PROMPT: Starting at the line holding "Bron Mira Mira" and finishing at the line holding "今日は、鶏肉のガーリック焼き", transcribe the material exactly, keeping both ends but no pictures.

TASK INPUT:
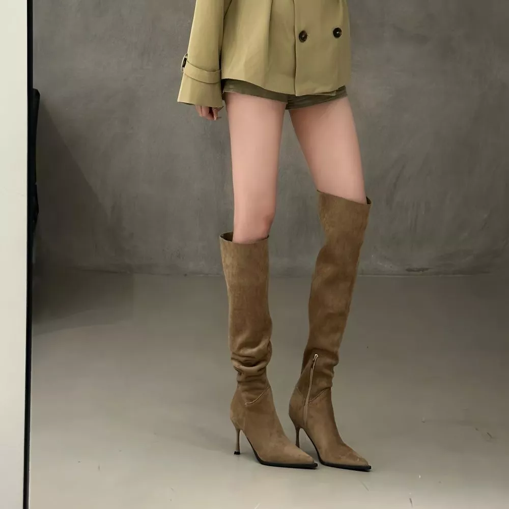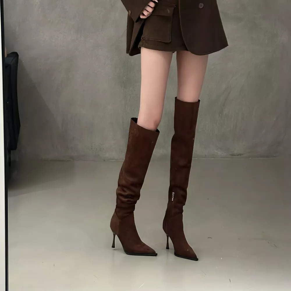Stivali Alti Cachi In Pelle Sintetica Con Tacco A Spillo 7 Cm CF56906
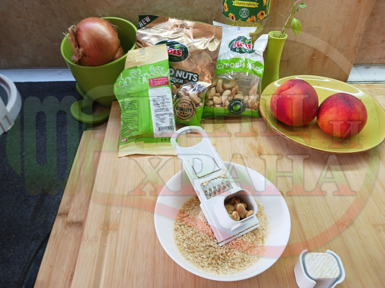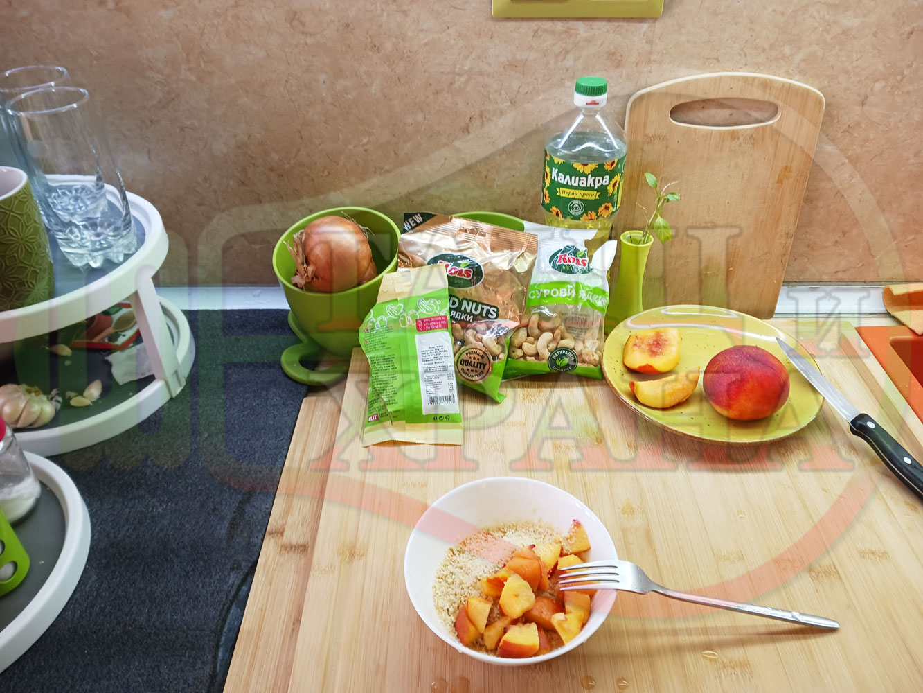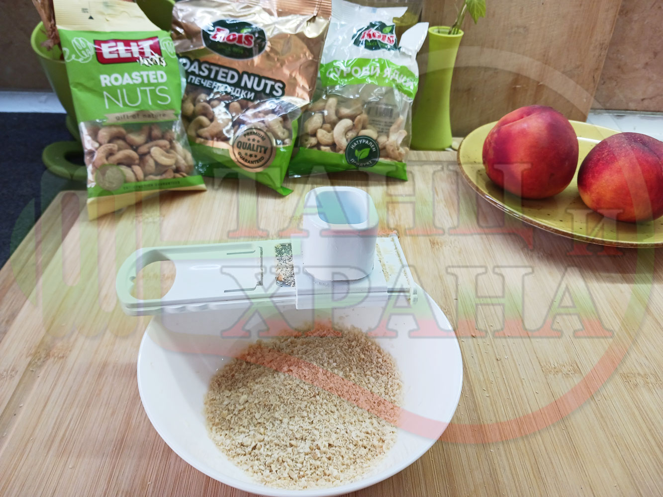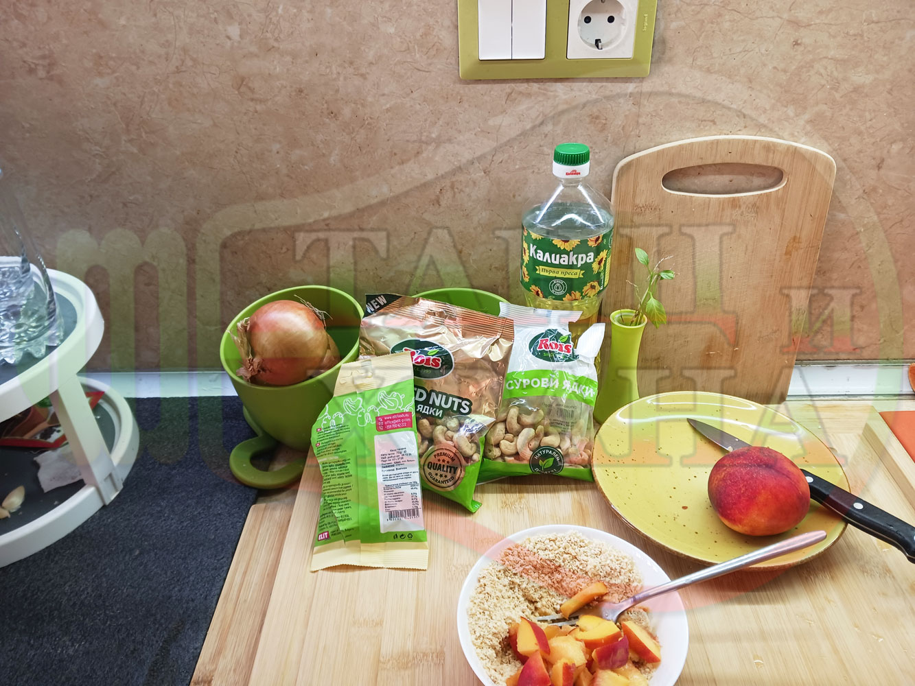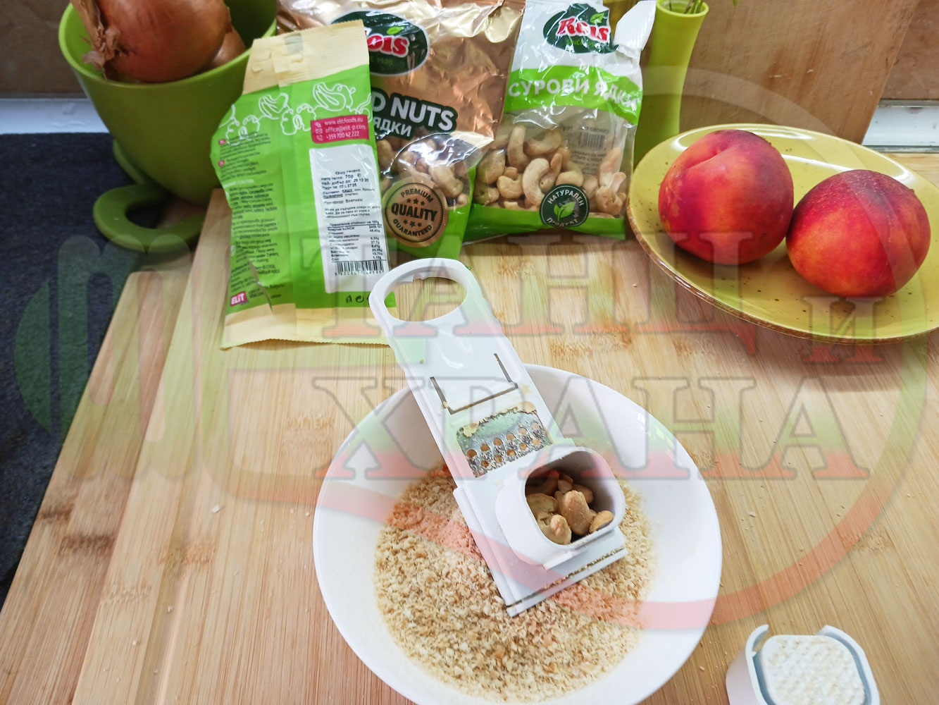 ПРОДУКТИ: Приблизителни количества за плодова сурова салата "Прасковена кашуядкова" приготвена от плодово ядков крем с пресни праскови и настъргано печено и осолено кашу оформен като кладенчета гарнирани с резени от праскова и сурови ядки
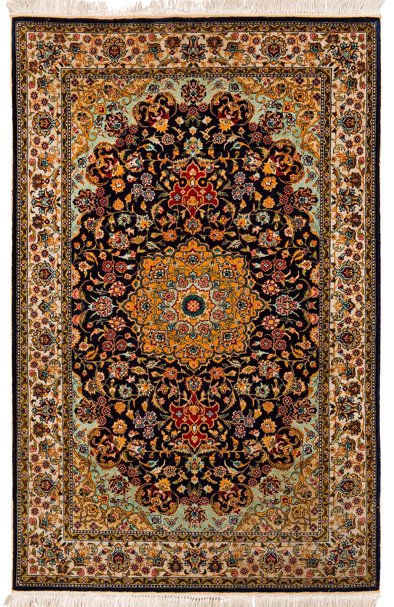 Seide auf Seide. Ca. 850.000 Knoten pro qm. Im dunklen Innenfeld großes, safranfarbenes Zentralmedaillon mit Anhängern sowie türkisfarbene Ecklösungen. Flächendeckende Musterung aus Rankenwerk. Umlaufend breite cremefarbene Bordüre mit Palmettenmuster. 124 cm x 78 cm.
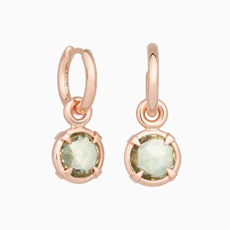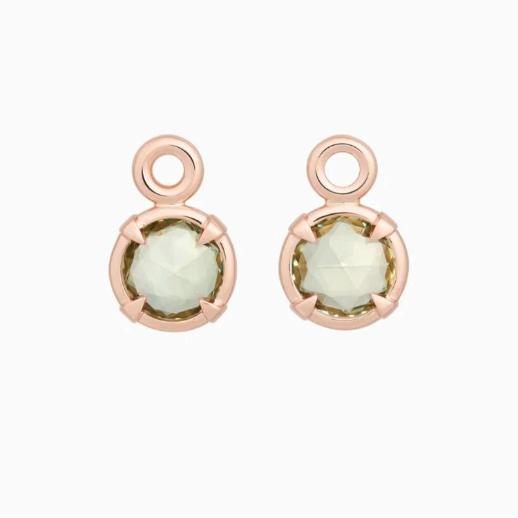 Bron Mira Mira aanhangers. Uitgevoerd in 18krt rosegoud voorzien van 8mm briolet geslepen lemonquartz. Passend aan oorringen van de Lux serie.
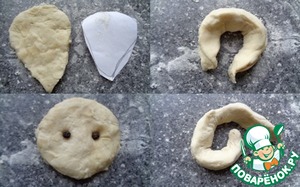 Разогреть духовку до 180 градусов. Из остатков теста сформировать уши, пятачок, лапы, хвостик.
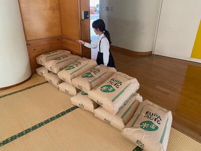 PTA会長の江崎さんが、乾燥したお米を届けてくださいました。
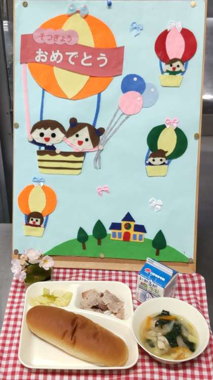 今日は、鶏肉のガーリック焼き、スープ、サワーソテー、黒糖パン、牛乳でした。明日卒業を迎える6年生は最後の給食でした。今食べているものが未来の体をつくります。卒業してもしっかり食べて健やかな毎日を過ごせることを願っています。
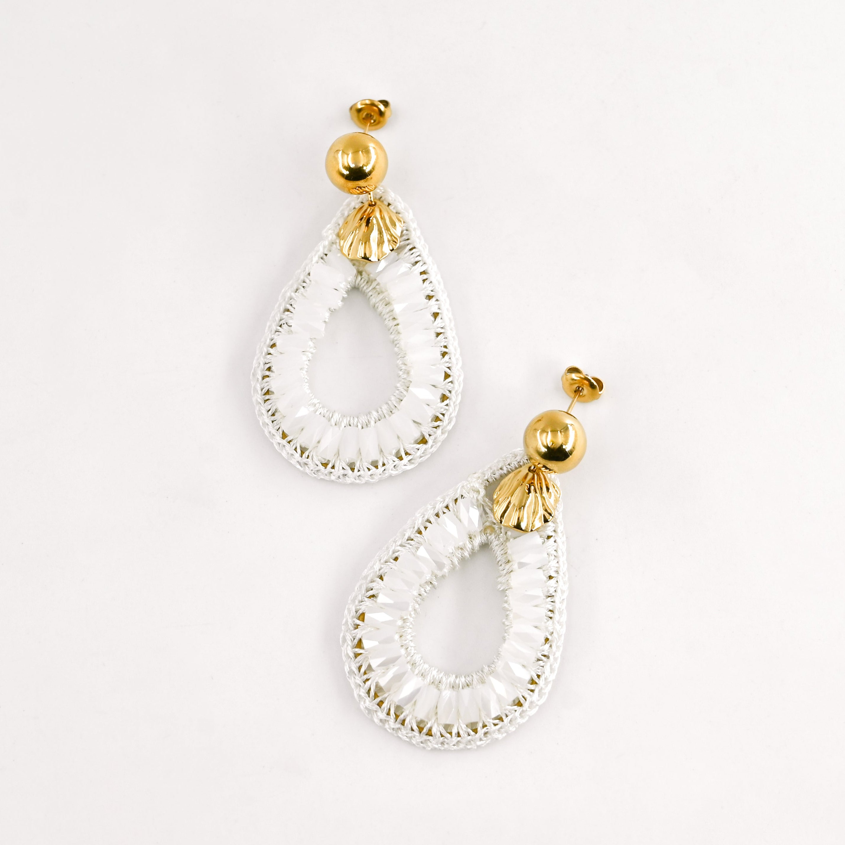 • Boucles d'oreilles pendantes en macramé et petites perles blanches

ANSWER TO THIS PROBLEM:
 Bron Mira Mira aanhangers. Uitgevoerd in 18krt rosegoud voorzien van 8mm briolet geslepen lemonquartz. Passend aan oorringen van de Lux serie.
 Разогреть духовку до 180 градусов. Из остатков теста сформировать уши, пятачок, лапы, хвостик.
 PTA会長の江崎さんが、乾燥したお米を届けてくださいました。
 今日は、鶏肉のガーリック焼き、スープ、サワーソテー、黒糖パン、牛乳でした。明日卒業を迎える6年生は最後の給食でした。今食べているものが未来の体をつくります。卒業してもしっかり食べて健やかな毎日を過ごせることを願っています。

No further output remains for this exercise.